After a three year hiatus due to COVID, the Michael Argetsinger Motorsports Conference, held at the legendary Watkins Glen International, was back. I had the opportunity to present my current-but-still-very-much-in-its-early-stage project focused on women who participate in autocross. It was a two-day conference, with a variety of presentations conducted via Zoom, in-person, and of the hybrid variety. The topics were varied, ranging from very detailed looks at a certain aspect of motorsports, in-depth examinations of the famous and obscure in motorsports history, as well as investigations of racing through the lens of popular culture. My presentation was the last of the last day, followed by a roundtable on women in motorsports. It was an exhausting two days, but I was able to catch up with scholars I have met on previous occasions as well as meet and connect with others in the field. The conference was well attended and live streamed. It was an excellent venue in which to present new work and get important feedback.
My own presentation went pretty well, my clumsy oral skills notwithstanding. The responses were primarily positive and I received a number of helpful suggestions. The audience was composed primarily of older white men, which is a microcosm of the motorsports academic community. While there were a number of female speakers, there was only one other presentation in which women in motorsports was the focus.

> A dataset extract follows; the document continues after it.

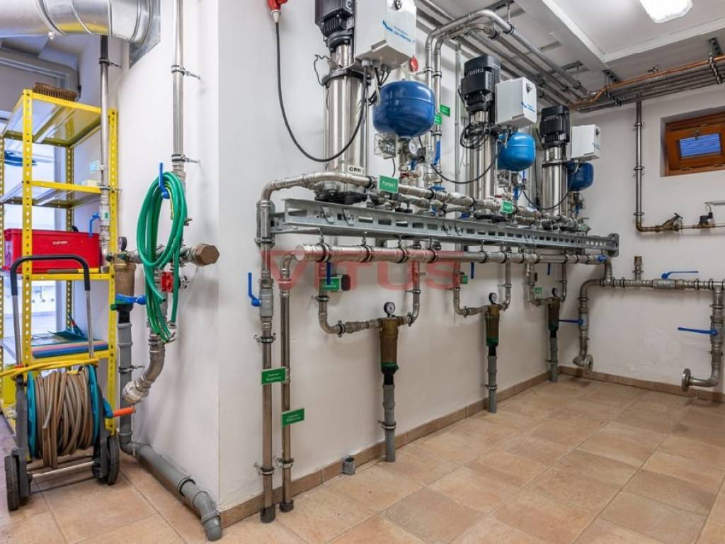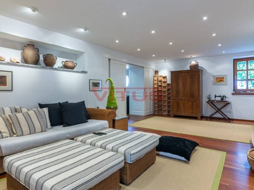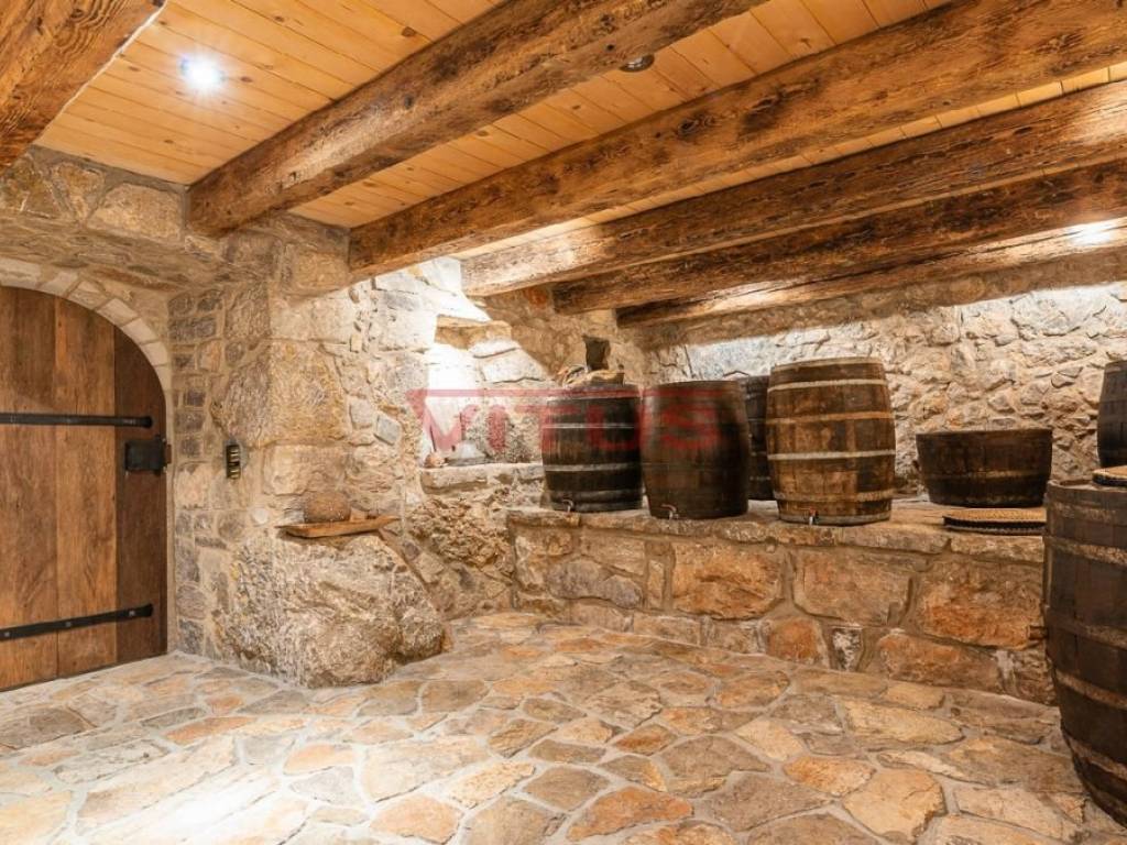 U suterenu je smještena konoba s kamenim zidovima i starim bačvama za vino. U nastavku se nalaze kupaonica, spremište, garaža i pomoćne prostorije kotlovnice s najmodernijom tehnologijom.

As a female who writes about women and automobiles from a decidedly feminist perspective, I often feel that the mostly male audience just doesn’t get it. Women’s experience with cars differs greatly from that of men, which I attempt to address in all of my work. While men tend to look at motorsports as a masculine competition, with the ultimate objective of taking home the grand prize, women often look beyond the contest to consider other aspects of the event. In the autocross project, as I discovered, the primary focus was on camaraderie; the competition was, in fact, a means to a broader and more rewarding experience. As one of the women interviewed expressed, ‘without the community it’s just driving fast around cones.’ But as I have noted, it is often difficult for those who have always looked at motorsports from the dominant male frame of reference to consider alternative perspectives. The men in the audience appeared quite puzzled as they looked at photographs of women joyfully joining together before and after each run. I’m sure ‘but where are the cars?’ was a question they repeatedly asked themselves during the presentation.
The lack of male understanding became especially evident in the roundtable that concluded the conference. The roundtable started off fairly well; the initial discussion focused on the state of women in motorsports scholarship, a topic very much in need of attention. However, when the microphone was turned over to the audience for comments, it quickly devolved into men telling women what they should write about. While some of the comments had merit, many were downright dreadful. The most egregious suggestions included an inquest into the wives of male racing legends, an in-depth examination of Linda Vaughn, the infamous ‘Miss Hurst Golden Shifter,’ and my personal favorite [not], a survey of women in automotive advertising, with the recommended and cringeworthy title ‘Broads on Buicks.’ Yikes. As it turns out, the attitudes of men who write about motorsports are not much different than those women encounter each weekend at the track.
While I was somewhat frustrated in my attempts to get through to some audience members, I believe that the conference was ultimately a success. I was able to partake in a lively conference in a unique in an inspiring setting; I had the occasion to take in new and important motorsports research; I had the chance to network and connect with renown scholars and historians in the field; and had the opportunity to present my own research and perhaps change some minds about the role of women in motorsports. All in all not a bad weekend.